The PIR search and analysis system provides search engines of three types (Table 2): (i) interactive text-based search engines, which allow Boolean queries of text fields; (ii) standard sequence similarity search engines, including Peptide Match, Pattern Match, BLAST, FASTA, Pairwise Alignment and Multiple Alignment; and (iii) advanced search engines that combine sequence similarity and annotation searches or evaluate gene family relationships, including Annotation-Sorted Similarity Search, Domain Search, Global and Domain Similarity Search and GeneFIND. Sequence searching can be performed against the PSD, NRL_3D, PATCHX, FAMBASE, ProClass and the combined PSD+PATCHX collections. Text and entry searching is provided for the PSD, NRL_3D, PIR-ALN and RESID databases.

Sequence search and alignment

BLAST (13) and FASTA (14) searches for sequence similarity are available for all sequence databases. The output of these search engines employs a graphical interface showing location of hits within the query sequence and full-length alignments generated by SSEARCH (15). Multiple or pairwise alignments of PSD or user-supplied sequences can be done using CLUSTALW (16) or SSEARCH. PIR pattern or peptide matching programs can (i) match a query sequence against a database of regular expressions (i.e., patterns); (ii) search a user-specified regular expression against a sequence database; or (iii) find an exact match for a user-specified peptide sequence in one of the sequence databases, including the ARCHIVE database of ‘as published’ sequences.

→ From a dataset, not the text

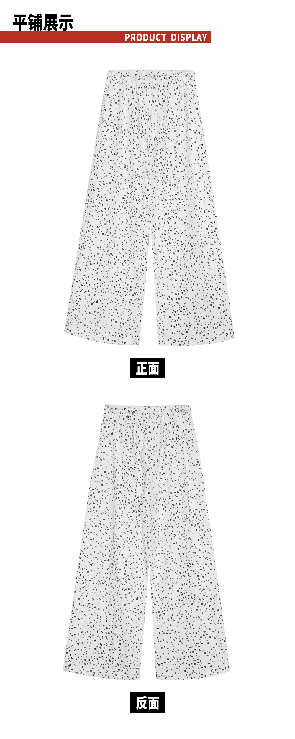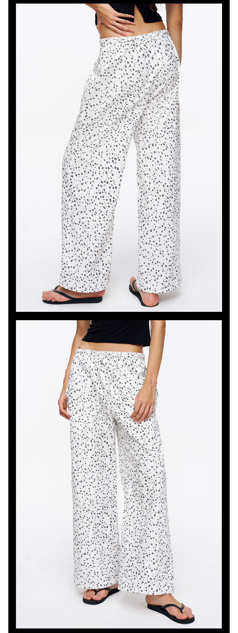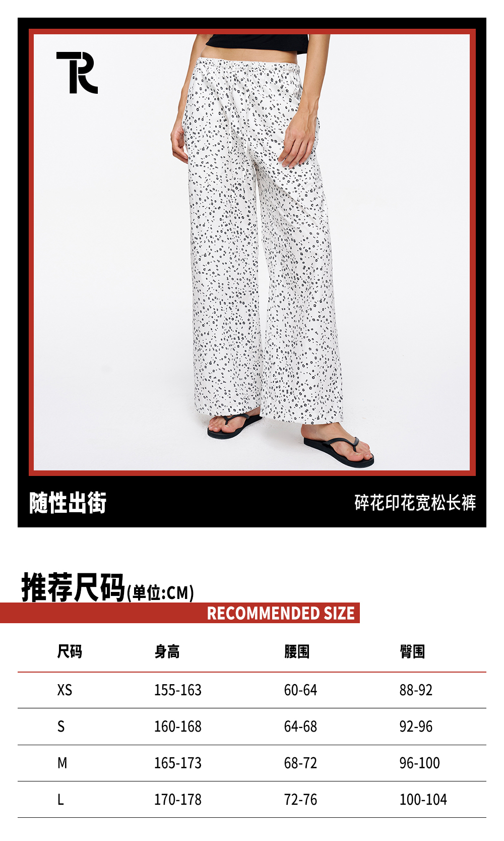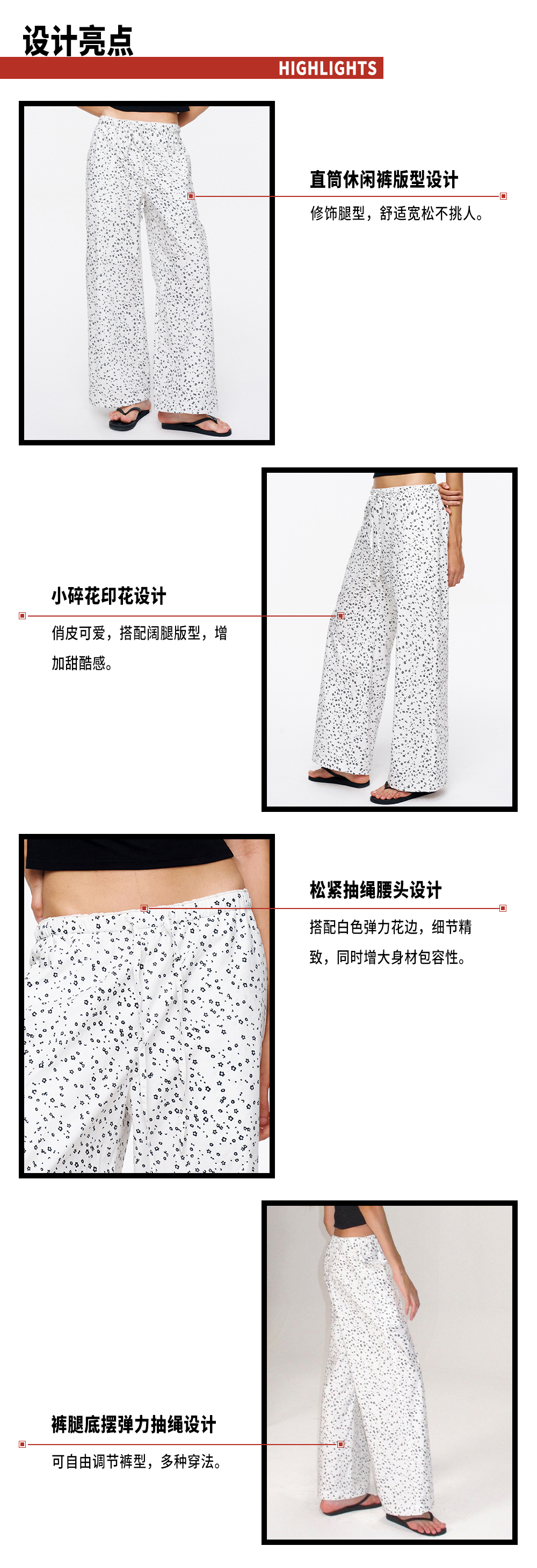TR她热 随性出街 白色碎花抽绳花边松紧腰百搭阔腿直筒休闲裤
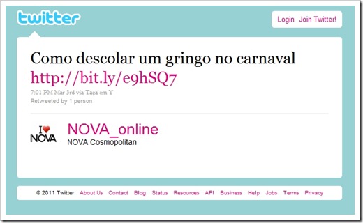 Mas hoje, na minha opinião, tudo passou dos limites. A revista Nova publicada pela editora Abril colocou no seu site um “tutorial” de como pegar gringos!

PIR Similarity Search system

Combining sequence and annotation search, the Annotation-Sorted Similarity Search facility displays BLAST or FASTA matches along with the user-selected annotation (superfamily, family, species, taxonomic group, keyword or all five) in the annotation-sorted order. The matched entries can be selected for multiple alignments against the query sequence using CLUSTALW and displayed using MView (17).

The Domain Similarity Search engine uses FASTA to search against domain sequences compiled from the PIR-International PSD, and displays the PSD entry and domain annotation with a graphical representation of the matched region with links to domain alignments in PIR-ALN. The Global and Domain Similarity Search uses BLAST to search the PSD for global similarity and FASTA to search the domain sequence collection for local similarity. The results are ranked by the global score and show the extent of matches at both the global and domain levels. Any combination of complete sequences and domains can be selected and viewed in a multiple alignment.

The PIR Integrated Environment for Sequence Analysis provides an integrated environment for all above protein analysis tasks, including sequence similarity search, pattern and peptide match, multiple sequence alignment and advanced PIR similarity searches, as well as for entry retrieval by unique superfamily, family, title, species, taxonomic group, domains or keywords.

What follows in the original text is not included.